Should You Pay On Pandemic-Paused Federal Student Loans or Pay Extra on Your Credit Card?


credit cards, student loans, Uncategorized / Tuesday, November 8th, 2022

You may be wondering, like I am, whether it is wisest to pay on my temporarily paused federal student loans or if it’s best to pay extra on my credit cards. Both can end up growing into a mountain of extra debt thanks to accrued interest. If you are in the enviable position to have some extra cash you are able to use to pay down debt, you may be wondering which debt is the best to pay off now that the student loans are not accruing interest for the next 2 months. Well, let’s check the math on that.

Over 43 million federal student loan debtors have had their payments continued to be paused yet again until January 2023. This is amazing news and a welcome relief for those struggling to make their payments, and even those who are able to make their payments but are able to save massively on not accruing any interest in deferred time. We have had two years of paused payments thanks to the economic turmoil caused by the COVID-19 pandemic. But this is the last continuation of the payment and interest pause. So how can we make the most of it?

If you are one of the lucky ones who has been able to continue to make some or all of your federal student loan payments throughout the payment pause, bravo. Job well done taking advantage of that pause to pay down your principal and save on interest. If you haven’t been able to continue paying every single month (*cough* me), please continue to follow along because I’ve still got some useful information for you as well.

But I don’t have to pay, right?

Even if you don’t have to pay, you still have to pay. That debt isn’t going to go away on its own. Well, not unless you qualified for student loan forgiveness under existing plans or the new August 2022 sweeping debt forgiveness plan. But for many of us, even if we qualified for the new debt forgiveness plan, our loan balances dropped from a migraine to a tension headache. When you owe $60k and then you get $10k in loan forgiveness that’s great and sure I’ll still take it, but I now still owe an ungodly amount of money that just seems to keep growing every year no matter if I’m making the payments or not. Why is that anyway?

Interest Capitalization.

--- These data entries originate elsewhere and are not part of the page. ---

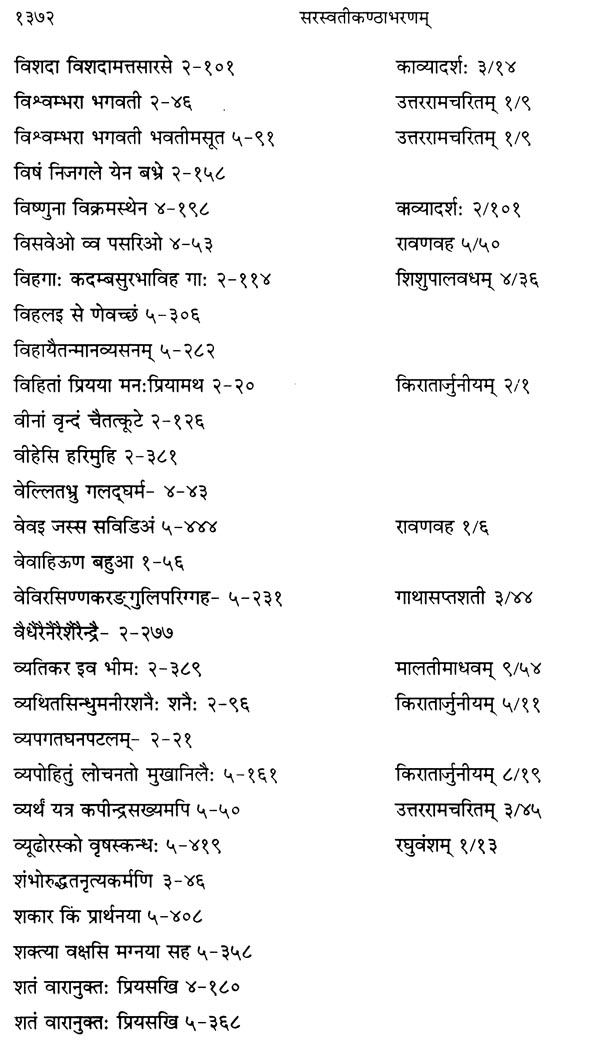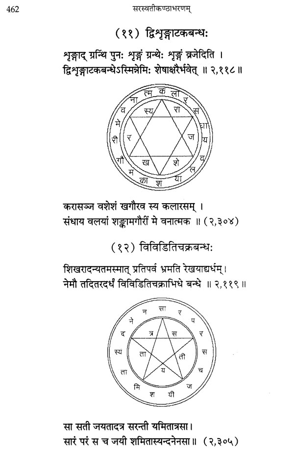 The KM edition includes Ratnesvara's commentary on the first three of the five chapters of the work, and the commentary by Jagaddhara on the fourth. The Introduction furnishes information on the earlier works and authors from whom Bhoja has drawn material, and his political and literary career. At the end of the work, pictorial representation of the different types of citrakavya described by Bhoja has been provided. An alphabetical index (based on Col. Jacob's 'Index to Quotations') of the illustrations along with the sources, has also been appended. This index contains a comparison with the original version.
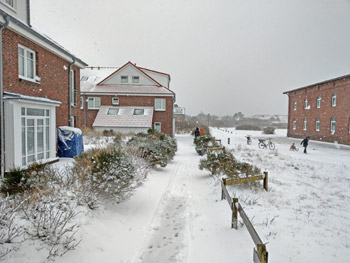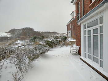 Die Strandvilla I ist wie eine Insel im Schnee |
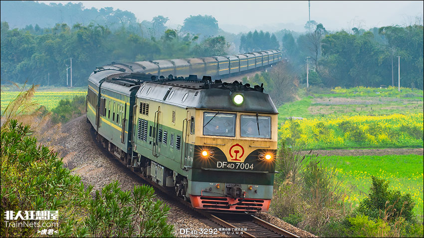 2026年2月。广西桂林。湘桂线。 春运节后客流高峰即将到来,为满足大量旅客出行需求,“柳州虎”DF4D‑7004号机车牵引旅客列车车底,组成专列南下回送。
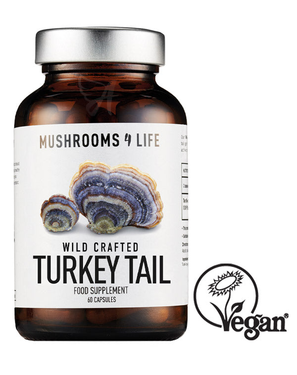 60 x wild-harvested Turkey Tail mushroom capsules. Each capsule contains 400mg of Turkey Tail mushroom powder with no added fillers, binders or preservatives. Manufactured in the UK, tested for toxins.
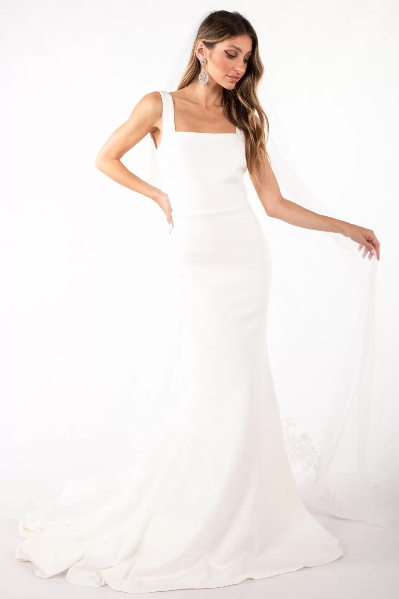 The ASTER Cathedral Lace Veil is handmade from sheer, lightweight tulle with stunning lace appliques and attached to a plain metal comb. This stunning long lace veil will add the perfect finishing touches to your bridal look. Pair perfectly with one of our Lace Wedding Dresses.
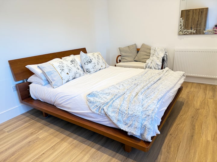 Dve spálne s vlastnou kúpeľňou a manželskými posteľami veľkosti King sú ideálne pre rodinný pobyt pri návšteve, práci alebo presťahovaní sa do tejto oblasti.
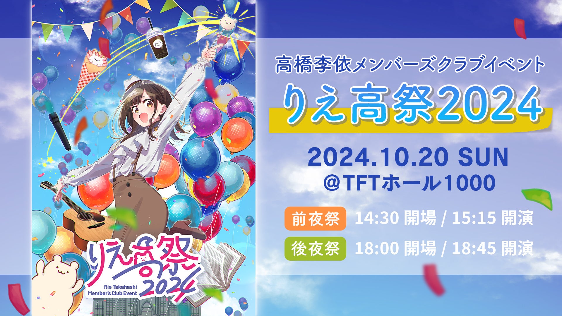 高橋李依さんメンバーズクラブ「たかは私立りえ高校」の校長である高橋を中心に、イベントのテーマである「文化祭」のチラシをイメージしたデザインとなっています。ギターやマイク・クレープなど、イベント内容を彷彿とさせるイラストにファンの期待も高まります。
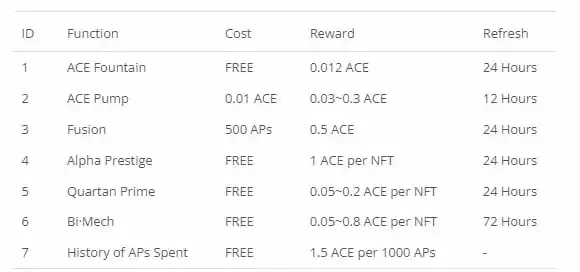 (1) Ace Fountain (0.012 ACE) : 12시간에 한 번씩 획득 가능 (무료)
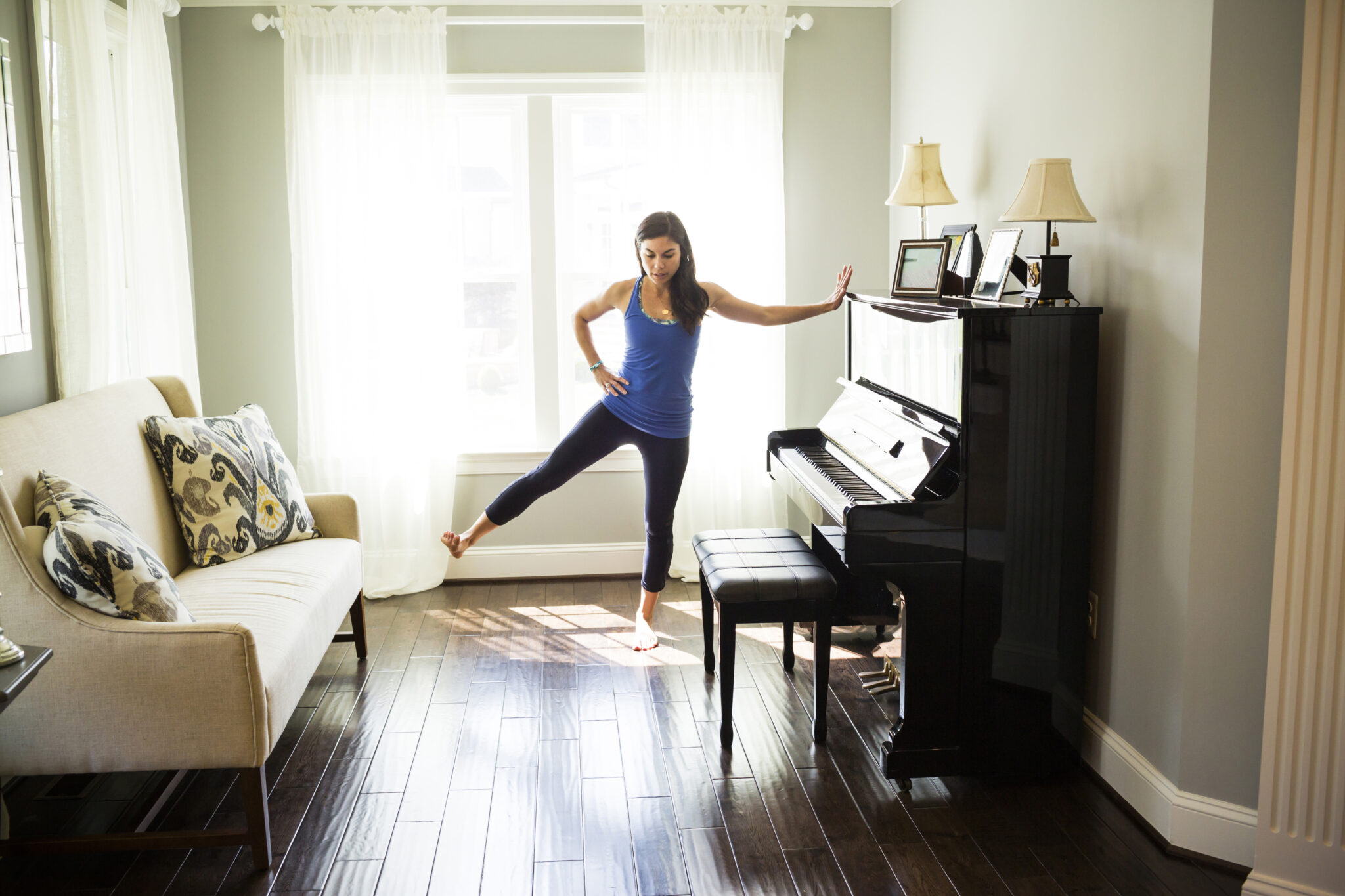 Woman stretching at window
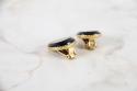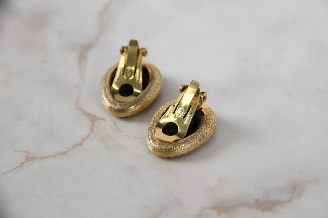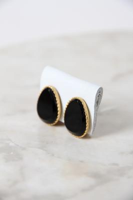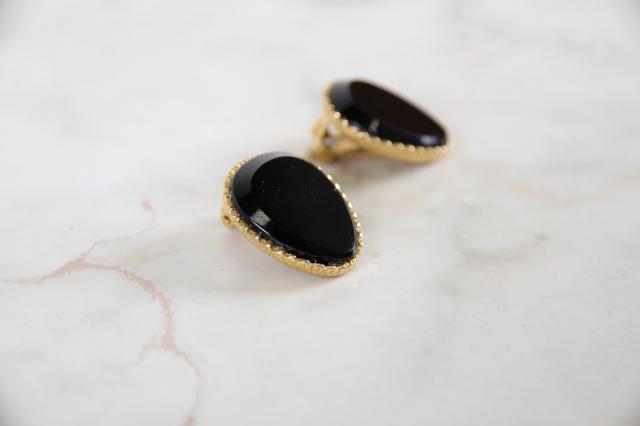 アメリカ製、ティアドロップ型のヴィンテージイヤリングです。ブラックとゴールドの組み合わせでとてもクラシカルなデザイン。フォーマルスタイルの時にもおすすめ。
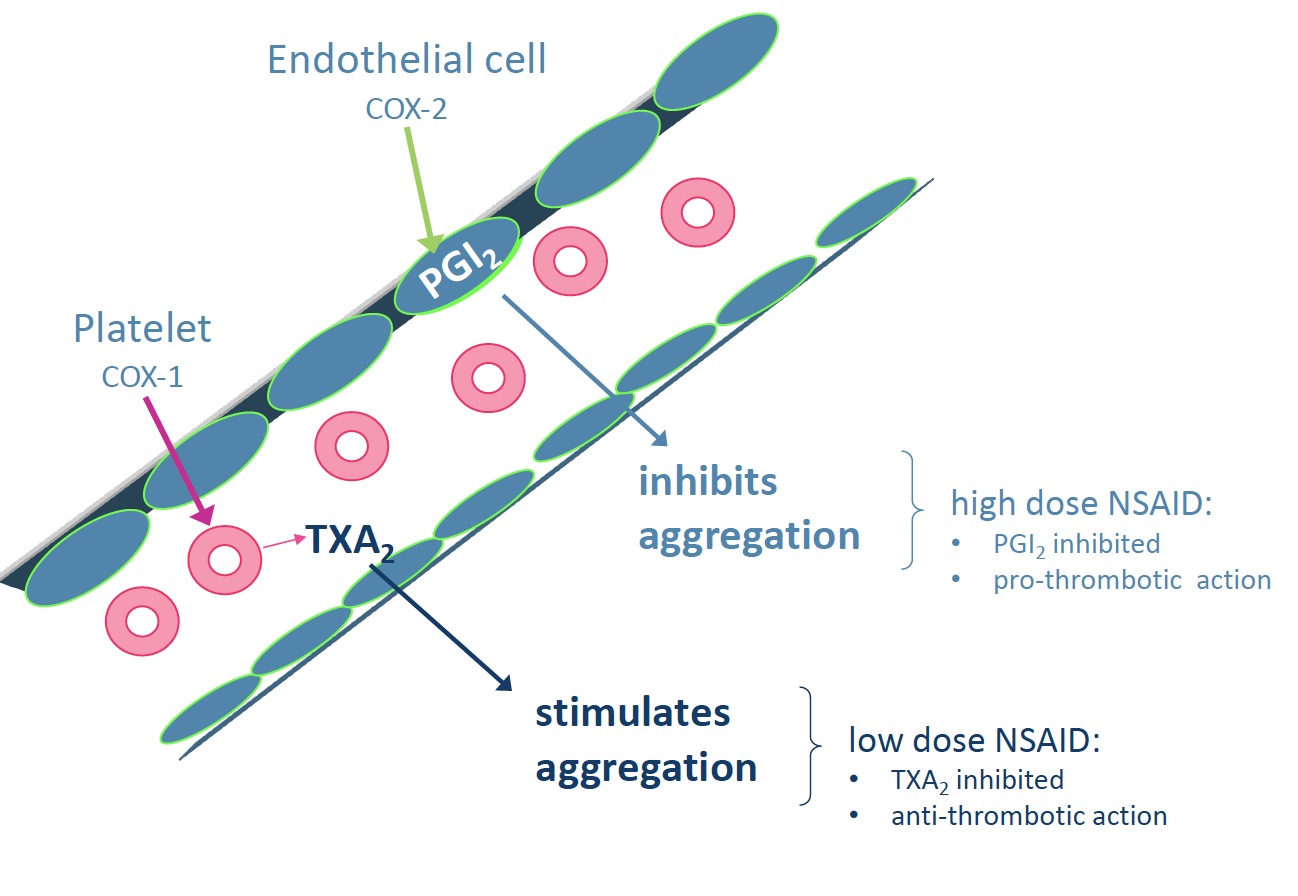 NSAIDs inhibit synthesis of thromboxanes (TXA2) –> inhibits platelet aggregation

That means that any unpaid interest, either partially unpaid because you are on an interest-driven plan or wholly unpaid because you are deferred (unrelated to the 0% interest pandemic payment pause), gets added to the principal balance of your loan and then that entire new, bigger balance is charged interest. That is how people graduate with $25,000 in debt, make payments for years under an income-driven plan totalling thousands of dollars, and still owe more than they originally borrowed!

But I digress.

What do I do now?

Let’s assume that that big hairy monster of student loan debt is still right outside your house, threatening to eat up your front lawn. And now, finally, you can pay your student loan bill every month, pandemic deferral or not. Yay budgeting and frugal living!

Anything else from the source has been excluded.